Our dataset is derived from 6 months (November 2014–April 2015) of traffic logs from an explicit web proxy. The proxy is operated by a major telecom located in a large European country. Our data is delivered to us in the form of augmented Apache logs. The logs include fields to identify the user that made the access, the URL that was requested, headers, performance information like latency and bytes delivered. We call this dataset the proxy log, and in total it represents 80 million accesses to 2 million individual sites. In the following section, we describe how we use the proxy log to model web tracking as a graph problem. We label URLs in our dataset as tracker or other based on ground truth derived from the EasyPrivacy list for AdBlock [3].

2.2 Web Tracking as a Graph Problem

A 2-mode graph is a graph with two different modes (or classes) of vertices, where edges are only allowed between vertices belonging to different modes. The interactions between explicit user requests and background requests, both page content and third-party objects like web tracking services, can be naturally modeled as a 2-mode graph. The first mode of vertices in the graph are URLs that the user intentionally visits, while the second mode are URLs for objects that are embedded in the visited page.

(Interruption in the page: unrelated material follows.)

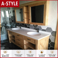 苏宁放心购北欧橡木浴室柜原木洗脸盆柜组合民宿卫生间洗手台镜柜落地双盆轻A-STYLE

More precisely, we represent the URLs that a browser accesses as a 2-mode graph \(G=(U,V,E)\), where U are the URLs that the user explicitly visits, V are the URLs that are embedded within those pages, and E is the set of edges connecting vertices in U (explicitly visited URLs) to vertices in V (URLs embedded within visited pages). In this paper, we call vertices in U referers, vertices in V hosts, and G the referer-hosts graph.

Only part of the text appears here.